Machine learning models are becoming increasingly popular in a variety of industries, they are involved in the decision making process of sensitive matters, where there is a high price for any mistakes made. Despite the sensitivity of the matter, many ML models go into production unmonitored and without proper testing, and thus they are prone to significant risks. This is perhaps due to the fact that MLOps is still a new field and there is currently not a standardized method for monitoring machine learning models.
Who‘s In Charge?
Visualization of the different parties involved in the ML model development and upkeep (source)
A production-ready ML model is often a product of contributors from various fields. The data engineers explore, clean, and construct the data pipelines, data scientists experiment and create different models and evaluate their performance. ML engineers than productionize the chosen model and incorporate it into the production environment, and finally, DevOps are in charge of deployment and monitoring. Each of these roles has different expertise and a different idea of what monitoring consists of. This complex setup can lead companies to a situation where there is no single body that takes full responsibility for the ML models that are in production. In order to create a proper monitoring system, the different parties need to form a common language and address the different aspects of monitoring ML systems.
Often no single body takes full responsibility for the ML models in production (source)
What Should be Monitored?
While DevOps teams are usually more familiar with metrics such as uptime, resource utilization latency, etc., they might not be familiar with machine learning model monitoring metrics such as accuracy, precision and recall, concepts such as slice-based performance metrics.
Additionally, as the performance of an ML model is tied directly with the data it operates on, it is essential to monitor both the model’s output and the input features at different stages in order to detect data drifts and schema changes early on, and identify the source of any issues that may arise.
Finally, it can be tricky to define when something “goes wrong” as ML models are statistical objects that are allowed to make some mistakes. Thus testing machine learning models is not exactly the same as traditional software testing.
What Can Go Wrong With Your Model After Deployment?
When your ML model meets the real world there are a variety of issues that may come up, either immediately or after some time in production.
Dev/Production data mismatch: Many ML models are trained on hand-crafted clean datasets. When these models are then applied to real-world data they have poor performance due to this mismatch. Even a minor mismatch in the structure of the data that is fed to your ML model can have a huge impact on the model’s performance.
Data integrity issues: The data pipeline is often complex and the format of the data may change over time, fields could be renamed, categories may be added or split, and more. Any such change can have a dramatic effect on your model performance.
Data drift and concept drift: Data in the real world is constantly changing. Social trends, market shifts, and global events affect each and every industry. These in turn may affect the distribution of the data that is being fed to your model, or that of the desired target prediction. Thus the data you’ve trained your model on becomes less and less relevant over time. The format of the data is still valid but your model will become stale and performance will deteriorate over time.
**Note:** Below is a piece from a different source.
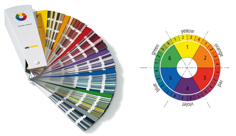 Sto社オリジナルのカラーシステムは800色。黄・オレンジ・赤・紫・青・緑の6つのパートを基調とし、24のベーシックトーンがカラーホイールを構成しています。多くのカラーニーズにお応えすることができます。色に加え、材料の特性に合わせて、様々なテクスチャーを実現することができ、さらに壁の表情を豊にすることが可能です。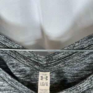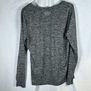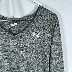 Stylish athletic top by Under Armour. Features a heathered gray design. Perfect for workouts or casual wear.

Serving issues: Finally, it may even be possible that your model is not receiving the traffic you expect it to receive, or that model latency is so high that the predictions are not actually being incorporated in the system as intended.
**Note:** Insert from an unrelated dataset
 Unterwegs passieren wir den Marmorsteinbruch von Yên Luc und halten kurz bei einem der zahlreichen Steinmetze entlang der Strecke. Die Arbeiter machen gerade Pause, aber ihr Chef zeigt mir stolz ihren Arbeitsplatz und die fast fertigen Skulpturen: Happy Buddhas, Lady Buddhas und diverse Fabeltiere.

These are some of the common problems that can be detected by proper machine learning model monitoring early on, and save you and your company from a potential catastrophe. Without proper monitoring, some of these issues can go unnoticed, as ML models are relatively “hidden” in the production environment and are often treated as black boxes.
Be in Control
Proper monitoring will enable you to be in full control of your ML models (source)
Monitoring ML models in production will enable you to be in control of your product, detect issues early on and intervene when action is needed right away. You will be notified whether the data pipeline breaks, a certain feature is not available, or your model has simply become stale and must be retrained. Additionally, continuous evaluation of machine learning model performance metrics will let you have peace of mind, knowing that your model is operating as expected. Machine learning model performance monitoring practices play a significant role in transitioning towards more reliable and unbiased AI systems.
If you have any ML models in production at the moment ask yourself the following questions:
- What are the metrics that I am constantly monitoring? Are they a good enough indicator of success?
- How will I know when there is some mismatch between the development data and the production data?
- How long will it take me to find out my model is not working as expected? How long will it take me to identify the source of the problem?